Since undergoing a mastectomy at age 23, underwear shopping for Kamya Ghose has always ended in tears.

She doesn't want other young women to feel "like no one cared", so is designing mastectomy bras tailored for a younger customer.

Ms Ghose has developed a business plan for her brand #2sexy and Christchurch designer Emma Glasson is developing prototypes for bras that were more attractive to young women after a mastectomy.

Ms Ghose, a trained pilot and university student in Auckland, noticed an unusual lump in her left breast in June. A July mid-semester break in Christchurch with her family ended up being an extended stay after she told her mother about the lump.


"She said, 'Let's get a second ultra-sound', because the first was clear, and this one said the lump was suspicious.

"When my GP told me I couldn't believe it. I thought it was a mistake."

Ms Ghose was told she would need a mastectomy right away to remove the lump. Her left breast was removed, and the lump was discovered to be a ductal carcinoma in situ, a form of pre-cancer that was invasive.

"They said it definitely would have turned into cancer and spread. It would have killed me," she said.

Following the operation she was given funding to buy a prosthesis and bras with pouches the prosthesis can be slipped into.

She said her first trip to an underwear shop to find a bra was tough.

"I didn't get anything. I thought 'Wow, no one cares about me'.

"They are all so big, and like old lady bras."

A photo that she took inside an underwear store especially for mastectomy bras shows an array of black, white and nude bras, with wide straps and large cups.

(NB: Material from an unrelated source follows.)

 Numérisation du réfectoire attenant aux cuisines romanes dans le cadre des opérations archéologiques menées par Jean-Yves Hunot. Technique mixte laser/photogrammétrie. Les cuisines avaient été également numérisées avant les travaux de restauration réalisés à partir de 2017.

Ms Ghose said hardly any of the bras fitted her small frame and made her feel "disappointed in my body".

"I think confidence is what makes people attractive, and wearing nice lingerie really gives you that inner-confidence," she said.

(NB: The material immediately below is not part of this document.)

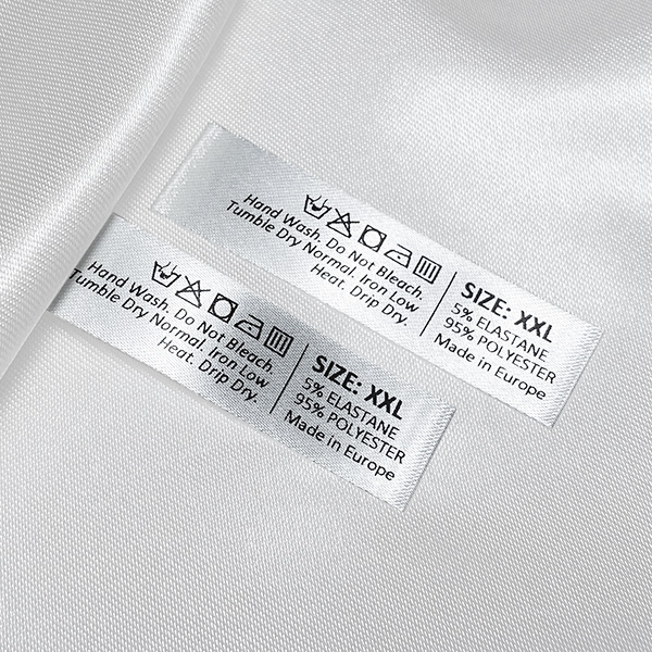 Gepersonaliseerd satijnen label voor het labelen van kleding met informatie over verzorging en onderhoud, inclusief wassymbolen, samenstelling en maten. Dit type textiel label wordt gemaakt met behulp van de meest geavanceerde technologieën op het gebied van digitaal printen. De labels worden gedrukt op een speciaal satijn door middel van thermische overdracht. Dit resulteert in een indrukwekkende printkwaliteit en hoge wasbestendigheid.

Her goal with #2sexy, the name chosen to reference two breasts, is to "give women their sexy back" after undergoing a mastectomy.

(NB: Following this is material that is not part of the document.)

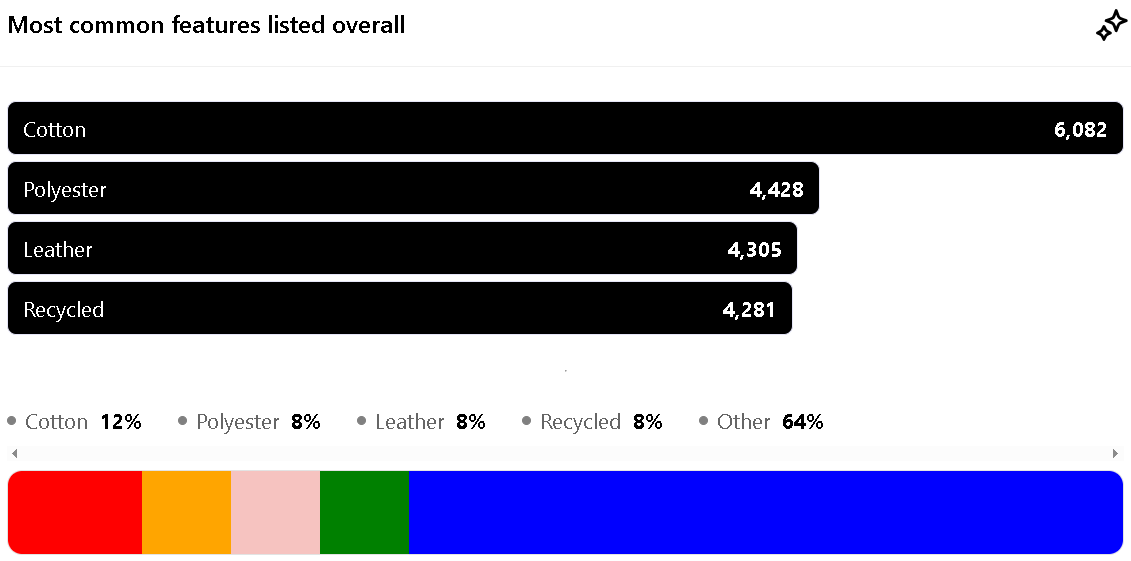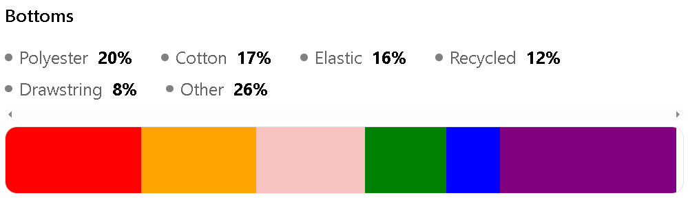 They are Polyester (20%), Cotton (17%), Elastic (16%), Recycled (12%), and Drawstring (8%).

"It's about empowering girls to feel good again."

She wrote a post in a Facebook group for breast cancer survivors that she was launching the business and got dozens of positive responses.

Women were asking for mastectomy bras that came in pretty colours, patterns and styles.

"We'll be able to add bows, lace and different colours. They won't be so big, so you can still wear singlets and other tops.

"I wish someone had done it for me, that's basically why I'm doing it."

English fashion designer Stella McCartney designed her own line of double mastectomy bras after the breast cancer death of her mother, aged 56.

But Ms Ghose said #2sexy will be more than just mastectomy bras - it will also provide peer-to-peer support and tips for women recovering from a mastectomy.

"There's so many things I wish people had told me, that I want to tell people about."

She is presenting her business proposal and sample bras to the Breast Cancer Foundation this month, and wants to find women willing to try her bras and participate in a photo shoot.